I don't expect to use the aux1[] array again. More hassle than it's worth, imo.
File size is currently (with the B algorithm), below 5KB, so no problem with our size.

I'll be doing the B2 test, this evening, after I finish modifying the current code.

Have you tried the "print many numbers with one printf() call", idea, in your program yet? If so, how did it perform?

The testing info on the B algorithm, second version is: 3.12 seconds in the terminal. This is the version intended to have the "B" algorithm, but it didn't quite work that way! ;)

Since the sorting idea went sour (a great idea, but it gave the results out of their original order, which I'm sure is what the test challenge requires), there was no way to directly get the data, organized as efficiently as I'd have liked. You either had to transfer the data (an extra step I did not want to have to make), or print through an index (which is just a touch slower and it adds up). I chose the latter.

Still using the very large printf() call (now at 250 numbers being printed per one call to printf() ).

Size of the file is 6.8 KB now, including some few comments that could be removed, and the few lines of code to communicate with the testing PC, that I have added.

So size is no problem.

So the overall champ -- and still king of the Challenge, is the A algorithm, with the smaller aux1 array, and using huge print calls. It's also a pain to get just right. Overall, I prefer the B algorithm. It's much easier to get working right.

I am not clearly getting you adak what you are trying to do with the sorting approach, but your quickshort is really fast,

Please look on to the Segmented seive algo it will make task approachable and make seive algo much more fast.
For accessing element there is nothing much problem, problem is in making seive algo fast..
so, divide and run the sieve algorithm into segments.
means first 100000, then next 100000
so on for a range only,
I am thinking and trying this.

I am not clearly getting you adak what you are trying to do with the sorting approach, but your quickshort is really fast,

Please look on to the Segmented seive algo it will make task approachable and make seive algo much more fast.
For accessing element there is nothing much problem, problem is in making seive algo fast..
so, divide and run the sieve algorithm into segments.
means first 100000, then next 100000
so on for a range only,
I am thinking and trying this.

That isn't Quickshort - Quickshort is only about 6 lines of code, in the whole thing! (But it's not this fast). This is a full Quicksort, and it is fast, BUT you can't use an unsigned int for any index. It has to be a regular int.
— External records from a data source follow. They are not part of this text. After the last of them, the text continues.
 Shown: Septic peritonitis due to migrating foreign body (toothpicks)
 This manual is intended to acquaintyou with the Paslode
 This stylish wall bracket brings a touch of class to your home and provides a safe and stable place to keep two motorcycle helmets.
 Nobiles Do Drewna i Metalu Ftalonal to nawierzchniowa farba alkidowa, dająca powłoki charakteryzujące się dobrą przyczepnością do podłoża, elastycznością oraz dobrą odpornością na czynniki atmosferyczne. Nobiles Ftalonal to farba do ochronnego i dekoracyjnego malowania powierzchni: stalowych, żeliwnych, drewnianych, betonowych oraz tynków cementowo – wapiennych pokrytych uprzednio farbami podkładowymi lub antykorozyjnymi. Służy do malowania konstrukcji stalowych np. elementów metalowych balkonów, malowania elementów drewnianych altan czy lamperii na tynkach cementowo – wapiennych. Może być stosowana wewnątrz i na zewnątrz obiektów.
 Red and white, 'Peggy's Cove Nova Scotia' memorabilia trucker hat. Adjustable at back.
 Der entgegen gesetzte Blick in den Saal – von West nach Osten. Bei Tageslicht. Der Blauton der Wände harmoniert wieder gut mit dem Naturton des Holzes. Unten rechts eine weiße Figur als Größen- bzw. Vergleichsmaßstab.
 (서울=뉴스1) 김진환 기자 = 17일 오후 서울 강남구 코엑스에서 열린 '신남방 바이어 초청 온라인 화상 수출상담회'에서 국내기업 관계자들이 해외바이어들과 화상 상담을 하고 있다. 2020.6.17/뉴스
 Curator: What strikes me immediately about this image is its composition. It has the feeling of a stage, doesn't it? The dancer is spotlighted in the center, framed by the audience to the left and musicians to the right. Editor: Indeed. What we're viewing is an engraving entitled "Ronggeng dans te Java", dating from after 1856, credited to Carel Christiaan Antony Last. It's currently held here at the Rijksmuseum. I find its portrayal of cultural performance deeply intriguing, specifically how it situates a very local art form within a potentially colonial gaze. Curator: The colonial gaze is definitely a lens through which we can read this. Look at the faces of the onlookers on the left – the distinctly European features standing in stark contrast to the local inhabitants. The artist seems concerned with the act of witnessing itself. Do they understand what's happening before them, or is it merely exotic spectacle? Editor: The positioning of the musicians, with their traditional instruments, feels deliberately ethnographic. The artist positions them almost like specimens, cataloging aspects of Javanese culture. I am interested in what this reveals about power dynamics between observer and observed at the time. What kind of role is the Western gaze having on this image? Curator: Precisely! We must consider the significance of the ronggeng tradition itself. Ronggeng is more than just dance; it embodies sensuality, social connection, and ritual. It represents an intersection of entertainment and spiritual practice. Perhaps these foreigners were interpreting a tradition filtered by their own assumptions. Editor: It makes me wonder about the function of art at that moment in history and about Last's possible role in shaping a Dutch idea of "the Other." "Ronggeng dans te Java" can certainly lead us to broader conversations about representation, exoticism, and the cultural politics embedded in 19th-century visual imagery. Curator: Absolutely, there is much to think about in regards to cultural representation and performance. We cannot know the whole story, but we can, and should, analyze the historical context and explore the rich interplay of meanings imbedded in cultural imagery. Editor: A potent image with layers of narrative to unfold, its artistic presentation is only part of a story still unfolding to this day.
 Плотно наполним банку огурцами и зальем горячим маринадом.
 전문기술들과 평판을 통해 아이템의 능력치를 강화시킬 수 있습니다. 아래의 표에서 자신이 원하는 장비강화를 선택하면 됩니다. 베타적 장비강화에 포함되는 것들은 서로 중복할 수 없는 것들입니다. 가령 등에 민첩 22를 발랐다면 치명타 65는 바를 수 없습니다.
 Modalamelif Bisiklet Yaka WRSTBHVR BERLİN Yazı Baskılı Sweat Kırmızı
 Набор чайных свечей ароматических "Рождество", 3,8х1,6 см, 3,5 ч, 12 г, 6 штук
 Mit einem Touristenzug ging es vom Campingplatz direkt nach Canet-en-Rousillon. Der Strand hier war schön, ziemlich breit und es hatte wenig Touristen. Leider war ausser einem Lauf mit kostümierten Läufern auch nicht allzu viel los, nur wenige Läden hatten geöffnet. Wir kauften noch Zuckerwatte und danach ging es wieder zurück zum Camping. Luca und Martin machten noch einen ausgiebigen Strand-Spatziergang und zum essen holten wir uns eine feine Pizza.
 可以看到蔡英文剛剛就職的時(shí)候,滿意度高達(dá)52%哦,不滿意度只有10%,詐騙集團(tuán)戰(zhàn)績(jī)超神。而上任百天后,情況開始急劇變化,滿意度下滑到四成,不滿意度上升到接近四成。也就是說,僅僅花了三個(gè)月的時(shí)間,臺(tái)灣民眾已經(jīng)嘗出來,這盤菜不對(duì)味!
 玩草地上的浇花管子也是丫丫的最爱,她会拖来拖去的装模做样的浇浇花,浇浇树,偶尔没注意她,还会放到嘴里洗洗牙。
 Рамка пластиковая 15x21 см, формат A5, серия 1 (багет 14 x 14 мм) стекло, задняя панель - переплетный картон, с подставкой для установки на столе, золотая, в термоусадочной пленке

Anyway, yes! The sorting idea is out the window for this program ==> Forget it, it's Toast! ;)

I did look into both Segmented Sieve of Eratosthenes, and also Wheeled versions. The problem is, they were no faster in the tests I ran against an optimized Sieve of Era., without the segments or wheel aspects to them.

I didn't have time to look at several different examples of each, so there may be faster Segmented or Wheeled versions of the Sieve of Era. out there. I was more interested in getting a good basic version that was easy to understand fully, and then tear it apart and rework it different ways, for testing ideas out - and optimizing those ideas that reduced the run time.

The key to making a fast program is to always reduce any loops, as low as possible. In the Sieve of Eratosthenes, I see these loops:

1) Input from the testing PC. These are a queries number, and the actual kth numbers we have to print out the corresponding prime numbers for, later.

We can't cut down or reduce this loop, in any way. That's clear.

2) The markup of the Sieve array. I've tried a few faster ways to do this, but some have caused errors. I do this in three steps now:

First: I do multiples of 2 only, from i=4 to i< SieveSize with i+=2.
Second: I do all the other multiples, from i=3 to i< SieveSize with i+=2.

The reason is, if two is included, i can only be incremented in the outer loop, by 1.

Third: multiples of i. No division is used. Addition where possible instead of multiplication. j is my variable for this, and it's range is i+i, to j< SieveSize. Especially here, I've tried some speedups (cutting down on the top of the loop - replacing SieveSize here, with something less than SieveSize). And that's where either it makes no difference in run time (because the amount I cut down was rather small), or it produced errors.

Inside the markup outer loop, there is one test for !sieve and if so, a counter increments, and there is one assignment made into the primes array (primes[counter]=i.

That is the entire loop, in a nutshell. Maybe 4 lines of code or so.

3) The last main loop, is the print loop, and that's the one where printing multiple numbers with each call to printf(), helps out. You should try printing a hundred or more numbers at a time. Make the number you print per loop, a factor of 50,000. This one idea cut more than a full second off my run-times.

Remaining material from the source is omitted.